Question

In a group of 950 persons, 750 can speak Hindi and 460 can speak English. Find how many people can speak both Hindi and English.

Answer 1

Hint: To solve this question to find out how many people speak both Hindi and English, we should know about the basic concepts of sets. It states that for any two events, $A$ and $B$, $n\left( A\cup B \right)=n\left( A \right)+n\left( B \right)-n\left( A\cap B \right)$, where $n\left( {} \right)$ represents the number of elements in that set. For example $n\left( A \right)$ represents the number of elements in $A$, $n\left( B \right)$ represents the number of elements in $B$, $n\left( A\cap B \right)$ represents the number of elements present in both and $n\left( A\cup B \right)$ represents the total number of elements taking part in the event. By using these relations, we can solve the question.
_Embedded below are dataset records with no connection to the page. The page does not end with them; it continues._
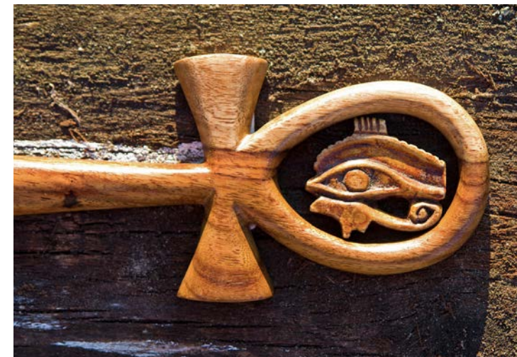
Nilský kříž s Hórovým okem, symbolem egyptské školy mysterií.

Podávám mu ruku. „Děkuji za zajímavé setkání a inspirativní myšlenku. A... omlouvám se, nepostřehl jsem vaše jméno.“
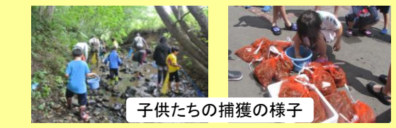
子供たちの捕獲の様子
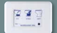
Clavier électronique Luxe
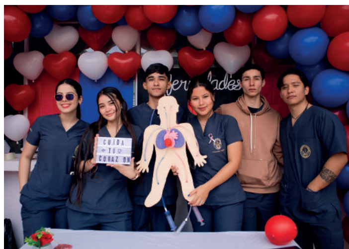
Fotografía de los estudiantes de Medicina en la V feria de la Salud.

La actividad se enfocó en brindar información técnica en salud de manera accesible y comprensible para todos los asistentes. Los estudiantes utilizaron habilidades de empatía, asertividad y comunicación efectiva, tanto verbal como no verbal, para explicar condiciones médicas y temas de salud en un lenguaje sencillo y claro. Este enfoque buscó preparar a los futuros profesionales de la salud para que sean capaces de transmitir información técnica de manera comprensible y efectiva en su futura práctica profesional.
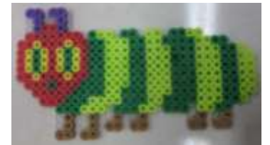
パンケーキデコレーション
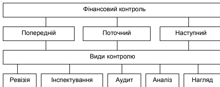
Рис. 1.1. Фінансовий контроль і його види

Отже, фінансовий контроль поділяється на попередній, поточний і наступний. Головним у системі контролю є попередній контроль , мета якого – попередити порушення законів, нецільове використання бюджетних та інших коштів, перекрити шляхи до порушень і крадіжок.
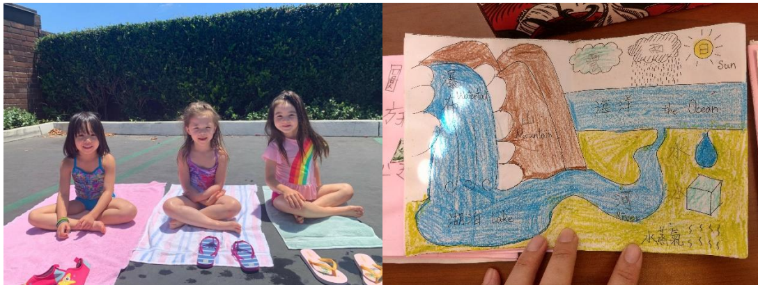
左圖，在玩水時間做日光浴的小女孩們。/右圖，與水有關的地景複習圖。(部分文字為小孩自己書寫)

在這個禮拜，我因應主題活動，以水為出發，教導了孩子水的三態、水循環及與水有關的各個地景的中文，讓孩子在每天下午主題活動出去玩水之餘，能夠學會跟水有關的中文。我也在上午帶領了跟水有關的小實驗，像是倒立杯、吸管水槍等。
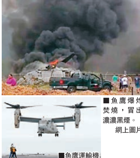
■魚鷹爆炸焚燒，冒出濃濃黑煙。網上圖片

墜毀魚鷹屬於海軍陸戰隊專用的MV-22型，24架同型機目前已部署在沖繩普天間，美軍亦計劃於2017年底，在橫田基地部署空軍型號的CV-22型。不過魚鷹自研發以來一直問題多多，2000年測試期間曾兩度墜毀，造成23名陸戰隊隊員死亡，令開發計劃險些被中止。時事通訊社/法新社/美聯社
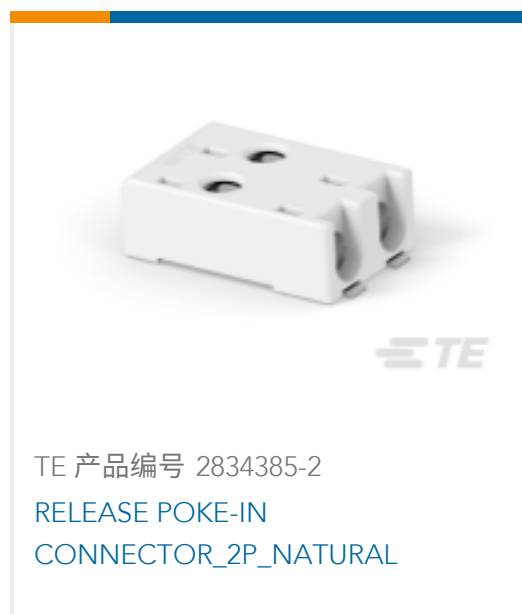
TE 产品编号 2834385-2 RELEASE POKE-IN CONNECTOR_2P_NATURAL
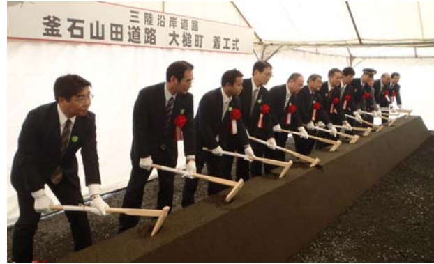
関係者代表による鍬入れ
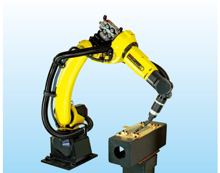
ステンレス部品溶接
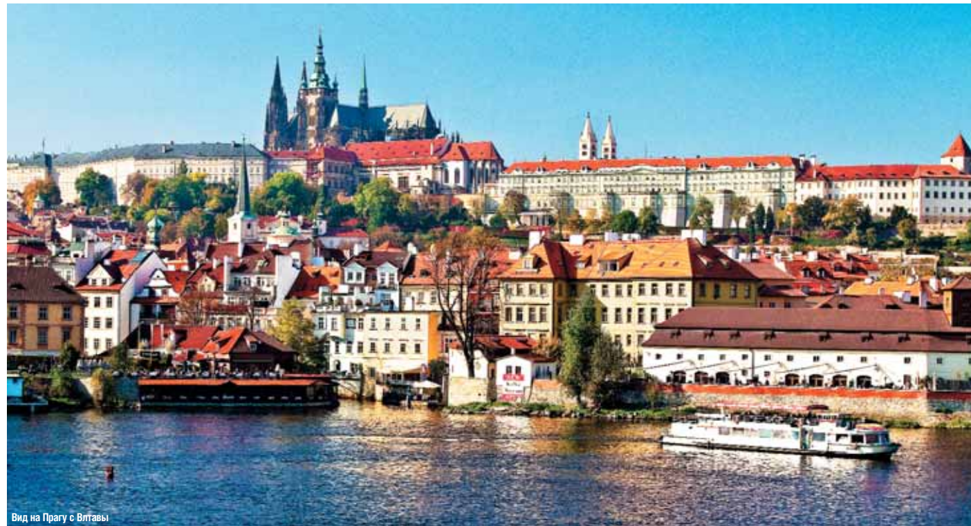
Вид на Прагу с Влтавы
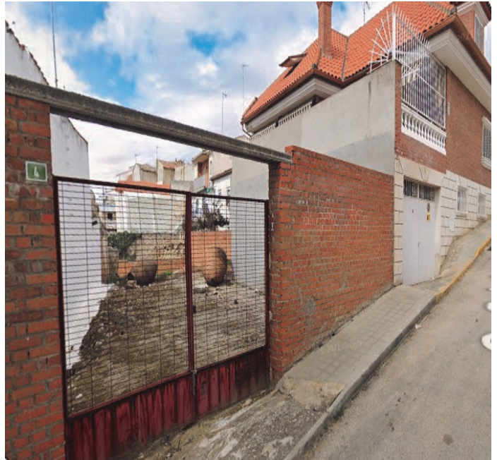
Estas tinajas , vestigio de un pasado de bodegas, uvas, vendimia y vinos en nuestro pueblo, están en la calle Cristo, en el número 4
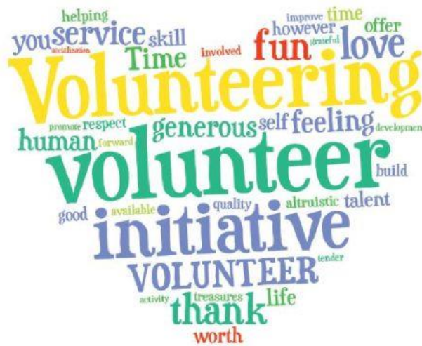
Slika 1: Volonterstvo

organizatora volonterskih aktivnosti i krajnjih korisnika s ciljem osiguravanja adekvatnog društvenog okruženja za razvoj volonterstva i prevenciju zlouporabe volontiranja. Nadalje, uređena su temeljna načela i uvjeti volontiranja, terminologija, te relevantni ugovori, etički kodeks i certifikati. Osim toga, isti zakon predviđa raspoređivanje financijskih sredstava za rad Nacionalnog odbora za volonterstvo te za dodjelu godišnje nacionalne nagrade za volonterstvo.
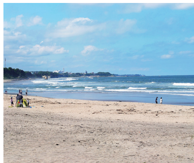
日立市 河原子海水浴場

最後になりましたが、日々成長し販売店様・仕入先様のお役に立てるよう精進して参りますので今後ともご指導・ご鞭撻の程、宜しくお願い申し上げます。
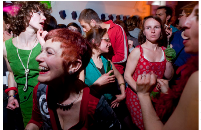
Festival Ouais du polar
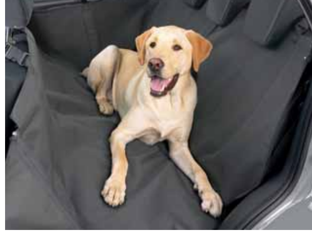
Pokrowiec ochronny na siedzenie do przewożenia psa na tylnym siedzeniu (na ilustr. w modelu SX4) Nr ewid. 990E0-79J44-000
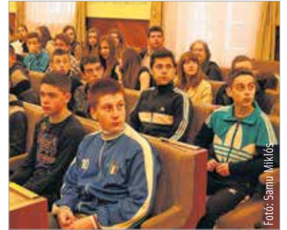
Négy napot töltöttek nálunk a gyulafehérvári Gróf Majláth Gusztáv Károly Teológiai Líceum diákjai és tanárai

A gyulafehérvári Gróf Majláth Gusztáv Károly Teológiai Líceum tizenhét diákja és négy tanára látogatott el a városházra a múlt héten. Az erdélyi intézmény már több mint másfél évtizede ápol testvériskolai kapcsolatot a fehérvári Ciszterci Szent István Gimnáziummal. A Székesfehérvárra látogató vendégek négy napot töltöttek városunkban.
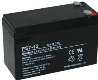
Bateria 12V -7A
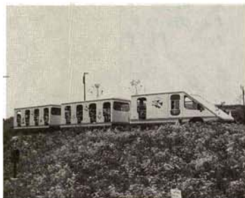
▲パノラマシャトルは夢を乗せて走ります。
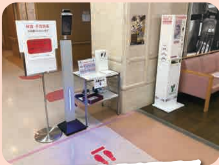
家族の方・外部の方は、検温と手指消毒をお願いします。
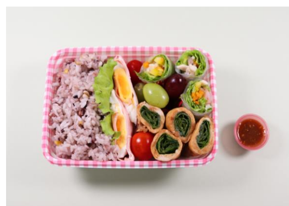
☆府大マルシェ巻きボックス☆
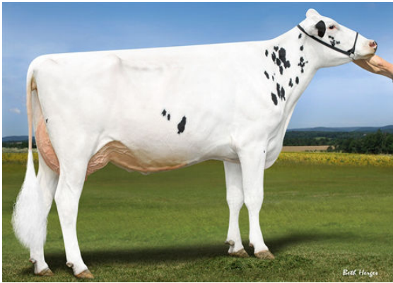
LADYS-MANOR GRNT OOHM
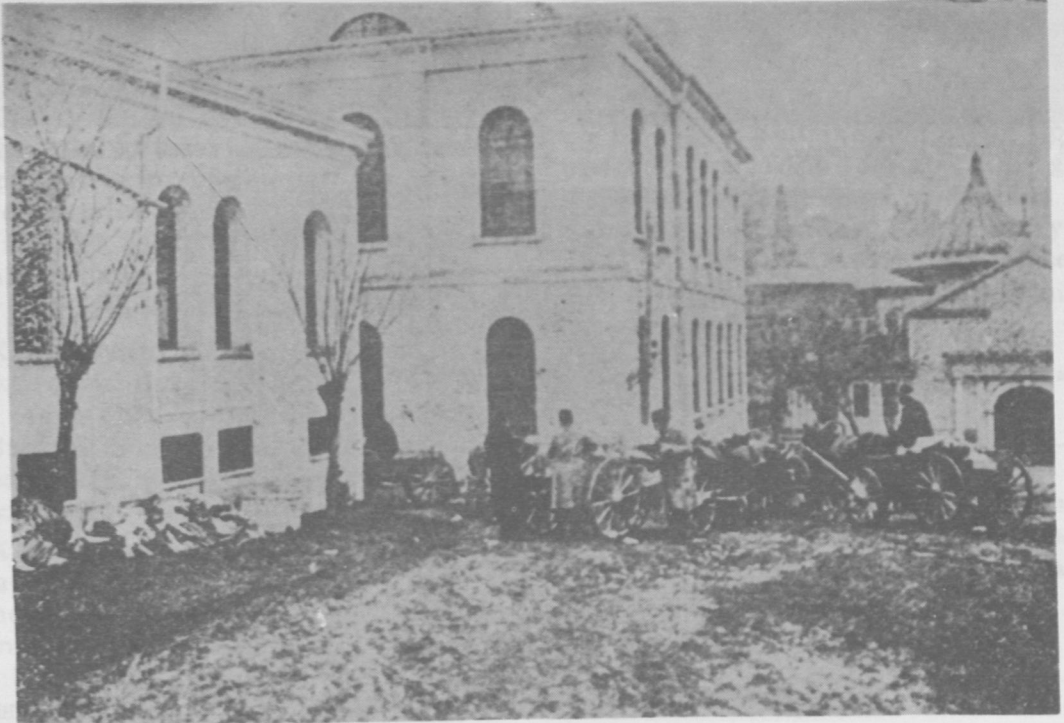
RESİM - 2 : Evrak-ı Resmîyenin yangından kurtuluşu.
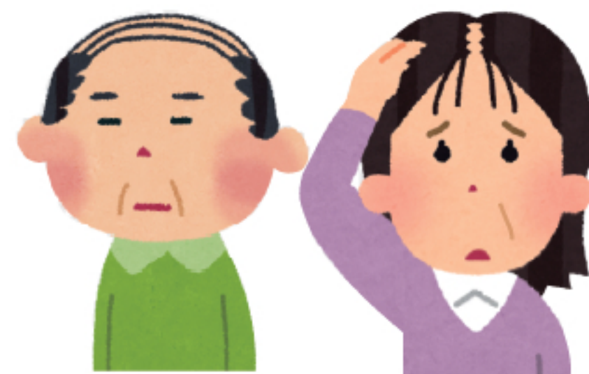
福利厚生の対象は、50歳未満の従業員となります。
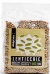
LENTICCHIE ESSICcate BIO - 500 GR
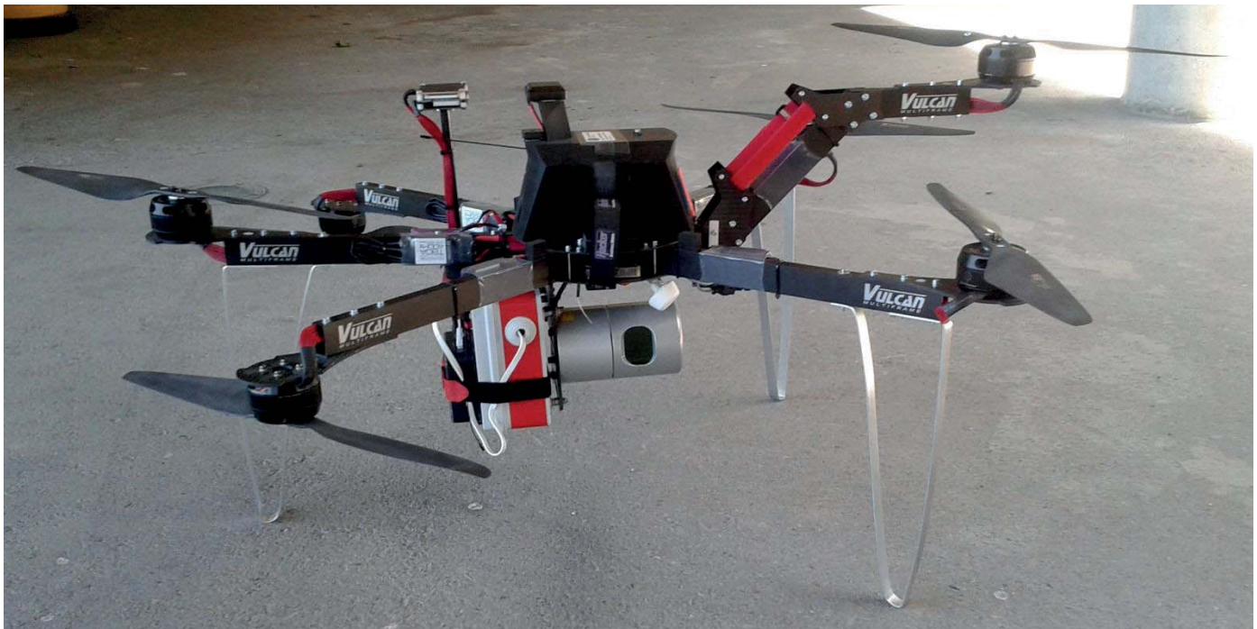
Fig. 3 : Plateforme LiDAR / Drone

L'ensemble de ces développements technologiques et informatiques ont abouti à la mise en place de cette plateforme drone LiDAR qui est dorénavant opérationnelle (fig. 3). Cette solution matérielle sera utilisée sur le site de Péage-de-Roussillon dans le cadre du suivi de la restauration de l'île des Gravieres dans la réserve naturelle de la Platière.
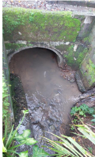
Imágenes 5-6. Limpieza de canal en el Invu de Quepos.
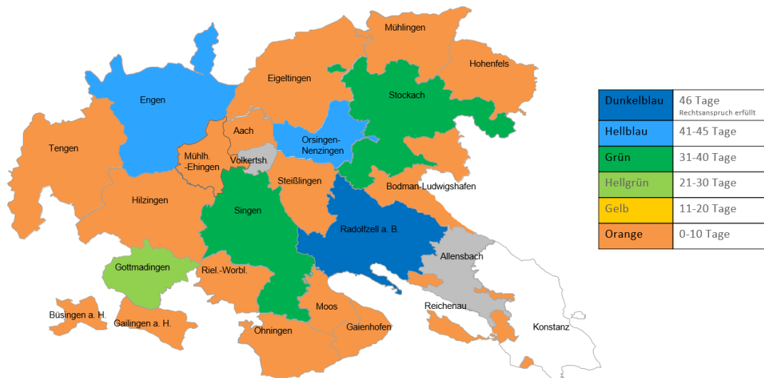
Abbildung 2: Betreuungszeiten während der Ferien – anspruchserfüllende Tage, Datenquelle: GaFÖG-Datenerhebung im Landkreis Konstanz 2025

Von den Kommunen, die den Rechtsanspruch in den Ferienzeiten (noch) nicht erfüllten, boten 5 Kommunen eine Betreuung an mindestens 41 Ferientagen an. Nur 5 Kommunen boten überhaupt keine Ferienbetreuung an.
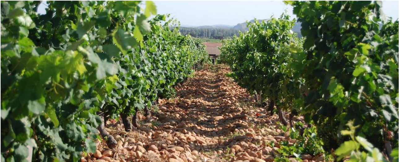
Das Terroir von La Crau

Im ziemlich monolithischen, dennoch auch tiefsinnigen, lebhaften und frischen Bouquet verströmen Aromen schwarzer Beeren, Johannisbeeren, von Rotbeeren und Garrigue und einer Vielfalt südlicher Kräuter, nicht zuletzt von feinem, subtil eingebundenem Holz. Wir befinden uns ganz eindeutig im Mittelmeerraum. Das Ganze wirkt aktuell relativ kompakt und gnadenlos. Geniesser, welche Weine ohne Ecken und Kanten lieben, dürften sich über dieses Erzeugnis sehr freuen. Insbesondere, weil der Gaumen enorm viel Spass bereitet. Er zeigt sich fleischig, geschmeidig, kräftig und relativ satt, die Tannine wirken wie Seidenpapier, sie sind extrem feingliedrig und fruchtig, die Säure ist wunderschöne eingebunden und verleiht dem Wein eine heilbringende Frische, der Abgang entwickelt sich grossartig und würzig. Eindeutig ein einzulagernder Wein. 18/20
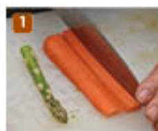
7~8ミリ幅のスティック状に切る
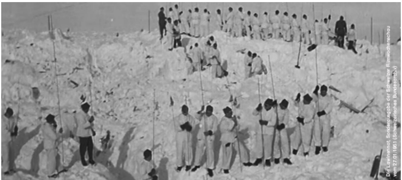
Die Lawinennot, Sonderausgabe der Schweizer Filmwochenschau vom 27.01.1951

bis 21. April 2019 im Raum Biwak | Mehr zur Ausstellung
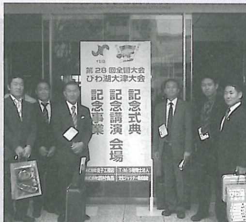
11月 全国大会 びわ湖大津大会
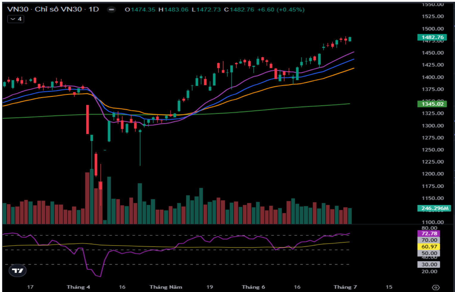
Hình 3- Chỉ số VN30 cơ sở theo ngày

Tuy nhiên, chỉ số tiếp tục hướng về ngưỡng Fibonacci Projection 161.8% (tương đương vùng 1,515-1,520 điểm) trong bối cảnh chỉ báo MACD tiếp tục hướng đi lên sau khi cho tín hiệu mua càng củng cố thêm cho đà tăng hiện tại.
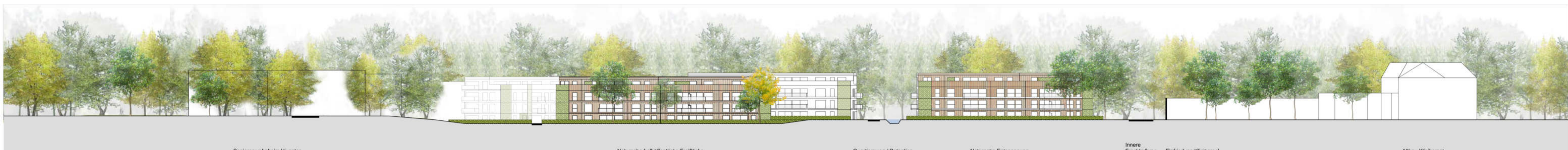
Schnitt 1 M 1:500
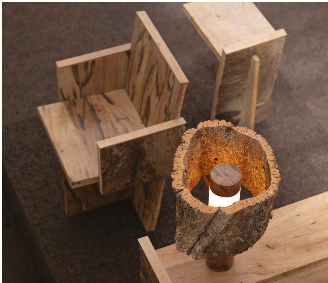
Made in Situ, design Noé Duchaufour-Lawrance, collection Chêne et Liège, exposition à la Villa Noailles, Design Parade 2023
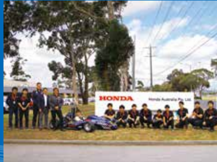
フォーミュラSAEプロジェクト
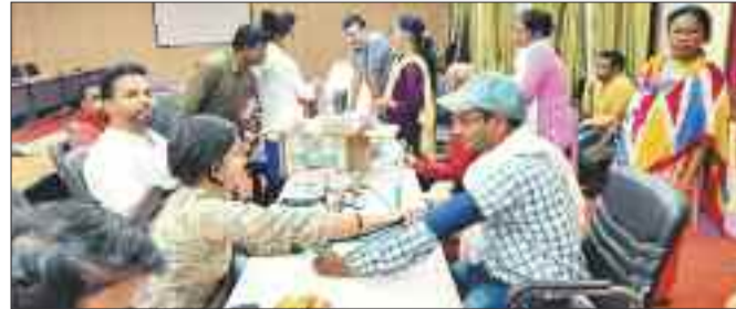
शिविर में स्वास्थ्य परीक्षण कराते कर्मचारी।

हाइपरटेंशन को आमतौर पर हाई ब्लड प्रेशर के रूप में जाना जाता है। भले ही आज का दिन हाई ब्लड प्रेशर की समस्या को समर्पित है, लेकिन ब्लड प्रेशर से जुड़ी अन्य कई समस्याएँ भी इन दिनों लोगों के लिए चिंता का विषय बनी हुई हैं। हमारी लाइफ स्टाइल और खानपान हमारे ब्लड प्रेशर को काफी प्रभावित करता है। इसी कड़ी में शुक्रवार को कलेक्ट्रेट, जिला पंचायत,
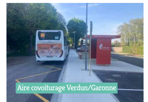
Aire covoiturage Verdun/Garonne
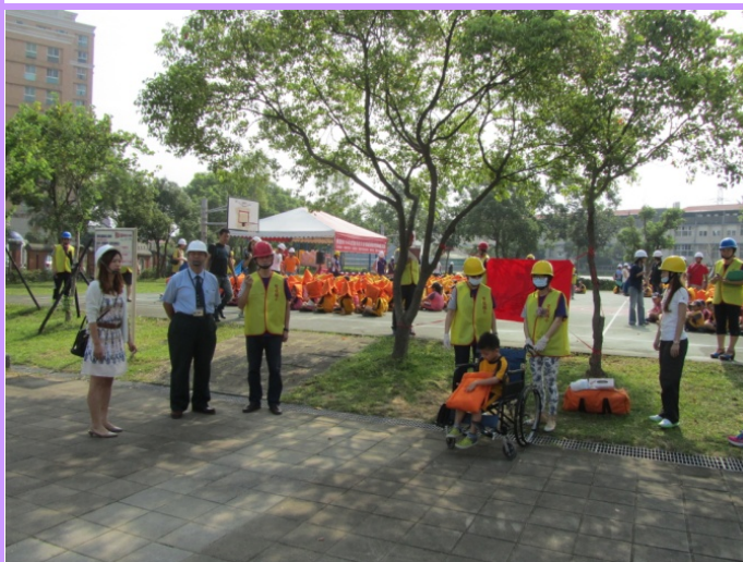
教育局長視導急救站
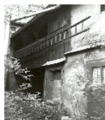
Fotonummer XXXIX/88/3 Aufnahmejahr 1995  Beschreibung Wohnhaus und Hinterhaus, Hofansicht Seitengebäude mit Oberlaube 1995 abgebrochen
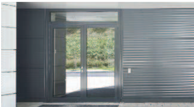
Schüco Porte ADS 60 Schüco Door ADS 60
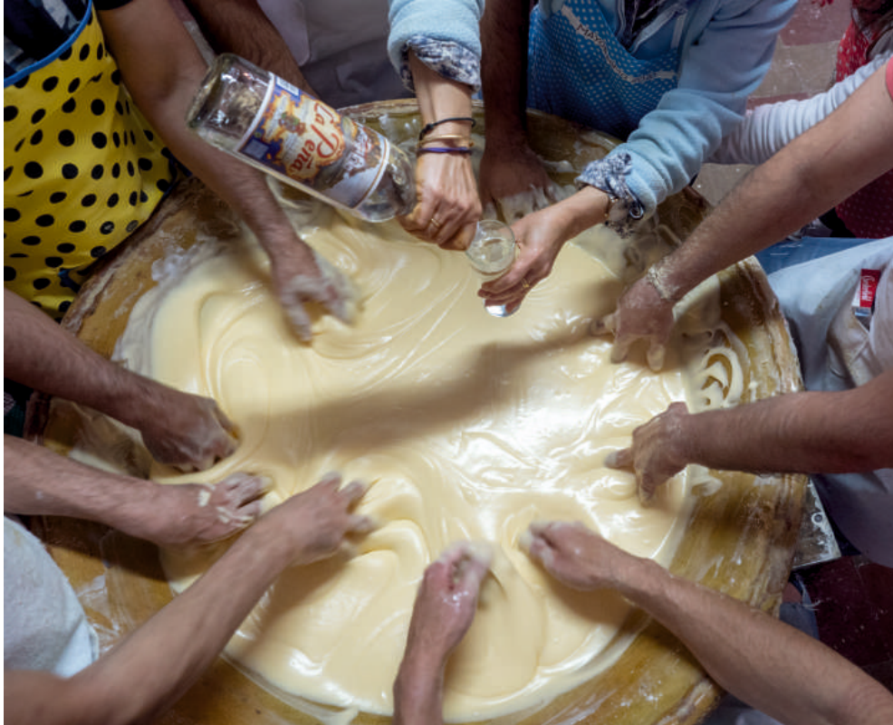
"DULCES PARA LA VIRGEN DE LA PEÑA"

Complete step-by-step answer:

In this question, we have been asked to find the number of people who can speak both Hindi and English. We have been given that out of 950 persons, 750 can speak Hindi and 460 can speak English. Let us consider speaking Hindi as an event $A$, so the number of people speaking Hindi $=n\left( A \right)=750$.
And, consider speaking English as an event $B$, then the number of English speaking people $=n\left( B \right)=460$.
Now, we know that there were a total of 950 people in the group, so they are $=n\left( A\cup B \right)=950$.
We know that in sets, $n\left( A\cup B \right)=n\left( A \right)+n\left( B \right)-n\left( A\cap B \right)$. So, we will substitute the values of $n\left( A\cup B \right)$, $n\left( A \right)$ and $n\left( B \right)$ in this equation and on doing so, we get,
$\begin{align}
  & 950=750+460-n\left( A\cap B \right) \\
 & \Rightarrow 950=1210-n\left( A\cap B \right) \\
\end{align}$
We will take the unknown units to the left hand side and all the numerical values on the right hand side. By doing so, we get,
$\begin{align}
  & n\left( A\cap B \right)=1210-950 \\
 & \Rightarrow n\left( A\cap B \right)=260 \\
\end{align}$
Therefore, we get the value of the number of people who speak both Hindi and English are 260.

Note: The possible mistakes that one can make while solving this question are the calculation mistakes by not keeping the signs of the numerical values in mind. Also, one can make a mistake by writing $-n\left( A\cap B \right)$ as $+n\left( A\cap B \right)$, which will give us the wrong answer.